Appeal from State Industrial Board.

Harry E. Wareham, for the appellants.

Albert Ottinger, Attorney-General [ E.C. Aiken, Assistant Attorney-General, of counsel], for the respondents.


March 9, 1926, claimant, employed as a machinist helper of Ogden R. Adams Co., Inc., machinery merchants, was injured while moving pulleys. The pulley about which he was working turned over and hit his leg and caused him to fall down. He sustained a compound comminuted fracture of both bones of the left leg, five inches above the ankle. He secured an award for his disability in the sum of one thousand one hundred and seventeen dollars and forty-two cents, for seventy-nine and one-quarter weeks. It represented fifty-one and one-quarter weeks for permanent loss of use of twenty-five per cent of the left foot and twenty-eight weeks for protracted temporary total disability. The award was closed without prejudice. He was granted awards covering the period elapsing from the date of his injury until May 4, 1927, all of which were paid. About May fourth he went to work for another employer and during his employment was injured and developed a hernia for which he was operated upon. After recovering from the hernia operation and about September 29, 1927, there appeared again a temporary total disability claimed by him and found to be due by the Industrial Board to the original injury. The period elapsing between his first temporary total disability and the next total disability from which he suffered was some four months and twenty-five days. He was granted an additional protracted temporary total disability award February 29, 1928, for a period of six and five-sixths weeks at fourteen dollars and ten cents per week, ninety-six dollars and thirty-five cents, and the claim was closed without prejudice.

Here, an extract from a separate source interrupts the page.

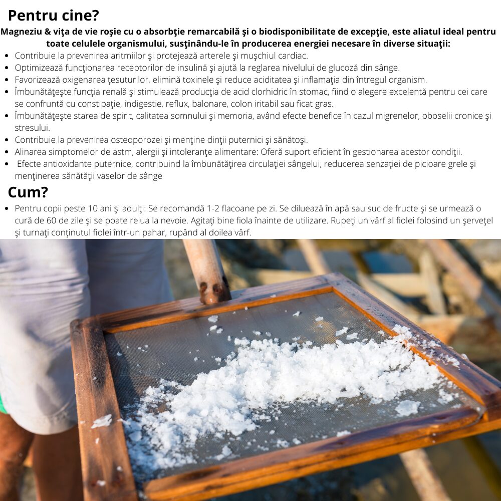 Magneziu cum doar natura știe să producă! Prin intermediul unui bio-proces unic în lume, fără tratament termic și fără solvenți chimici reușește să reducă nivelul de sodiu al magneziului marin, din mlaștinile sărate din Guerande - avănd ca rezultat final, o formulă unică, lichidă ionizată (MG2+) perfect biodisponibilă și bioasimilabilă, pe care doar natura știe să o producă!
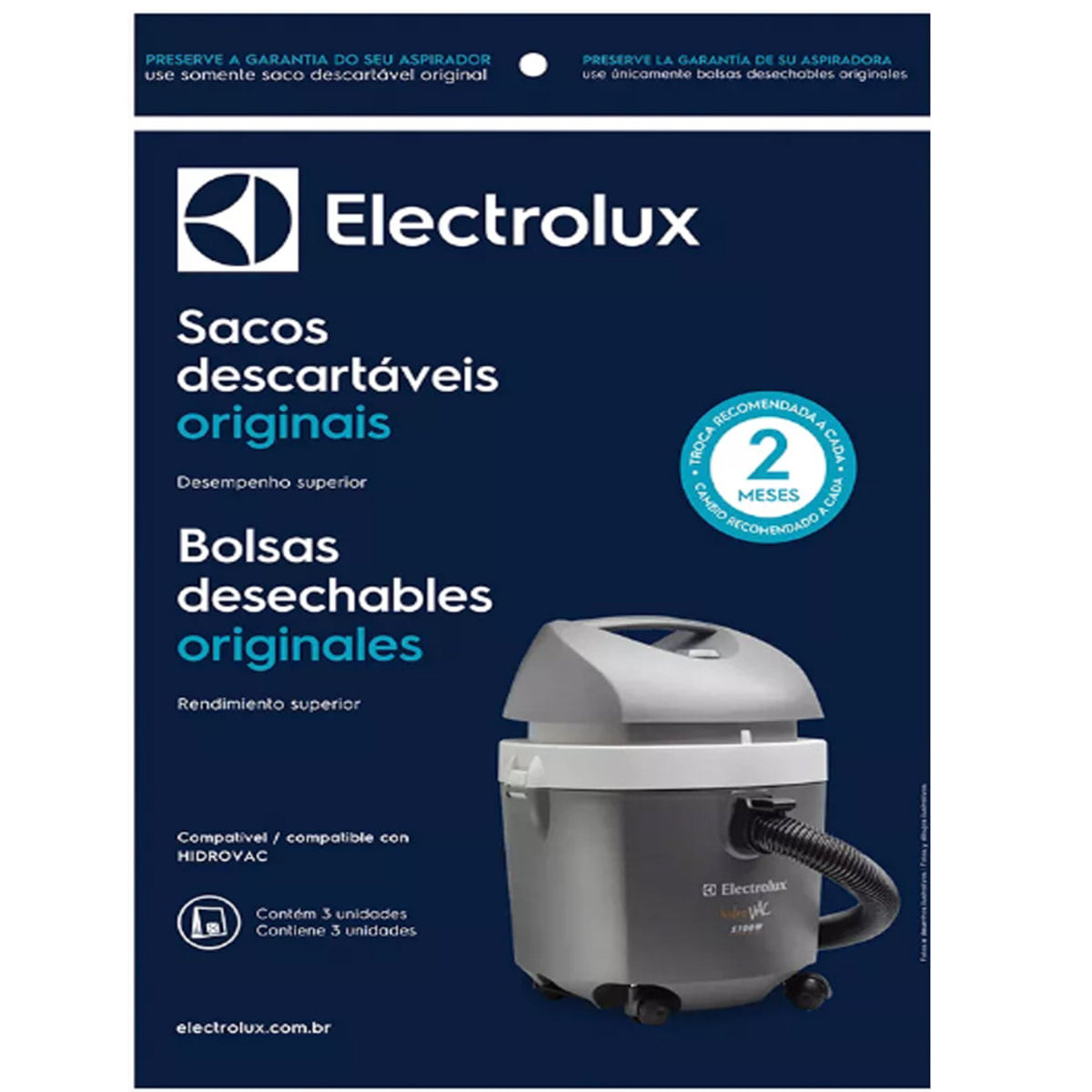 Saco descartável original para aspirador Electrolux Contém 3 unidades Compatível com o modelo Hidrovac Recomenda-se a troca a cada 2 meses Composição:Celulose Fabricado pela Electrolux no Brasil

The appellant claims that there is no authority in subdivision 4-a of section 15 Work. Comp. of the Workmen's Compensation Law (as added by Laws of 1924, chap. 500) for making the above award. The title together with the material part of the subdivision reads as follows:

"4-a. Protracted temporary total disability in connection with permanent partial disability. In case of temporary total disability and permanent partial disability both resulting from the same injury, if the temporary total disability continues for a longer period than the number of weeks set forth in the following schedule, the period of temporary total disability in excess of such number of weeks shall be added to the compensation period provided in subdivision three of this section: * * *."

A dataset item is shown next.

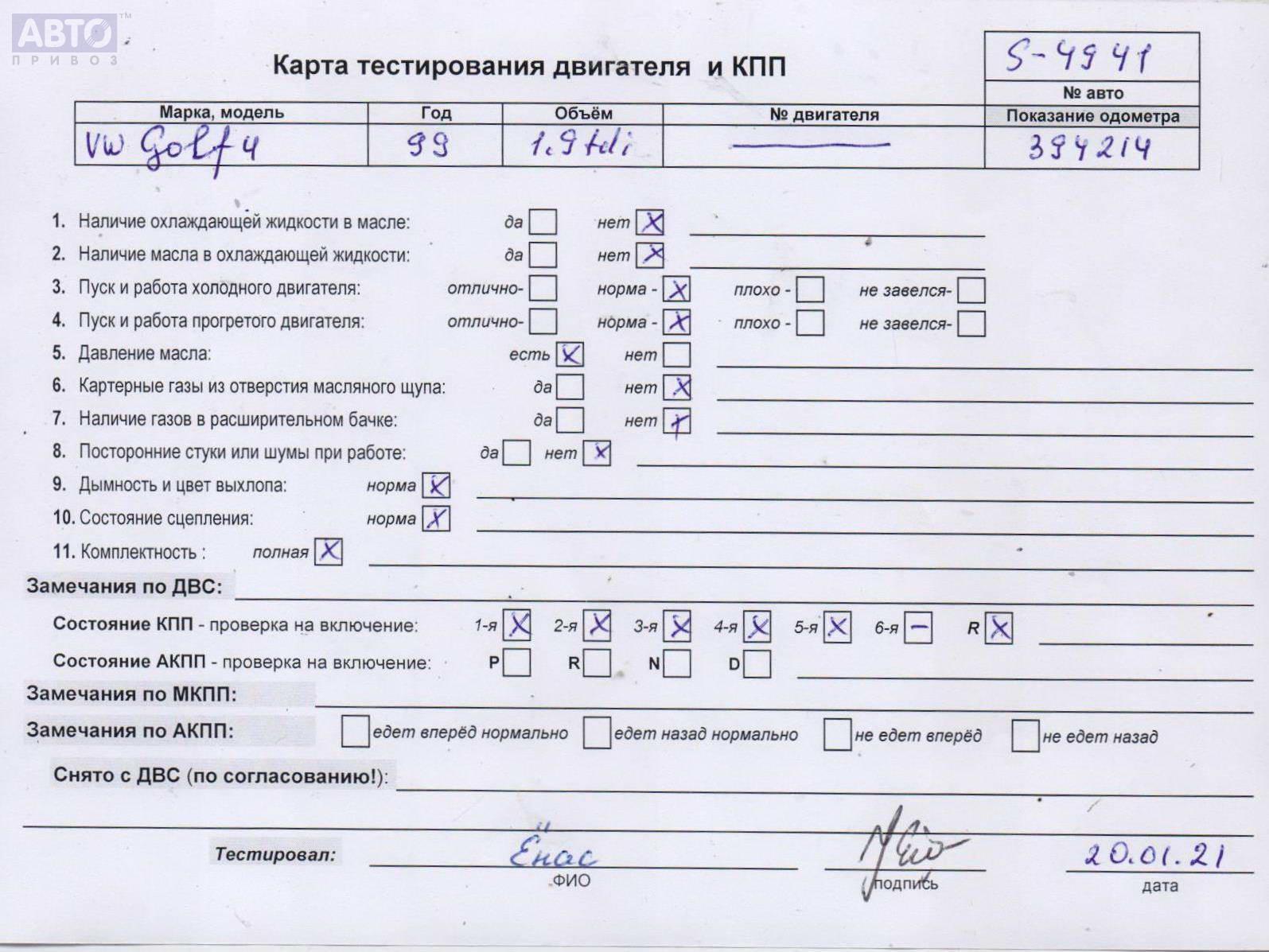 | Автомобиль / VIN: | S4941 WVWZZZ1JZYB043002 |

There is no question raised concerning the manner in which the award in question was calculated. The precise question is, did his temporary total disability continue? There is more than one significance of the word "continues." What that is must depend upon the context. The subdivision is entitled and must, therefore, comprehend "protracted" disability — disability drawn out — not necessarily uninterruptedly. "Continues" in the context is apparently used as a synonym for "protracted" as the opposite of stop for the disability stops or continues. The subdivision contemplates a temporary total disability drawn out longer than thirty-two weeks, not necessarily weeks that immediately follow each other. The contention of the appellants, therefore, must be that in order to warrant compensation, the effects of the injury must be continuous to the exclusion of any interruption, no matter for how short a time — so the break be substantial. If such was the purpose of the lawmakers, then being able one day subsequent to the injury destroys the continuance of the disability. This does not seem to me to have been the intention of the Legislature. To continue means to keep on. (Century Dictionary.) Wherever there are interrupted consequences of a cause, the cause is continuing and if the cause continues and it produces the same result it ought to be permissible to claim that any result from the cause also continues.

"A continuing offense is a transaction or a series of acts set on foot by a single impulse, and operated by an unintermittent force." (2 Words Phrases, 1510; Whart. Crim. Pl. [8th ed.] § 474; Bibb v. State, 83 Ala. 84; 3 So. 711.)

The vice-chancellor in Wood v. Sutcliffe (8 Eng. L. Eq. 217, 220) says: "I have also used the term `continuous injury.' By `continuous' I do not mean never ceasing, but of recurring at repeated intervals, so as to be of repeated occurrence * * * as an actual continuous mischief would be." Undoubtedly in some uses, perhaps the ordinary one, "continues" signifies to keep on without interruption. In the case at bar, however, under the spur of interpreting the Workmen's Compensation Law so that the injured may receive compensation for temporary total disability the law should have a liberal instead of narrow interpretation. The statute contemplates that a person under such temporary total disability shall be compensated for more than thirty-two weeks and for as long a time as is provided by subdivision 3 of section 15 of the Workmen's Compensation Law. This is for twenty-five per cent of his earning capacity for not to exceed two hundred and five weeks. Where the law demands a liberal interpretation and where the injury "by clear implication or inference from the terms of a statute, as well as those expressly and directly declared" ( U.S. v. Coy, 32 Fed. 538, 542), comes within it, a case is made for compensation.

The award should be affirmed, with costs to the State Industrial Board.

VAN KIRK, P.J., HINMAN, WHITMYER and HILL, JJ., concur.

Award affirmed, with costs to the State Industrial Board.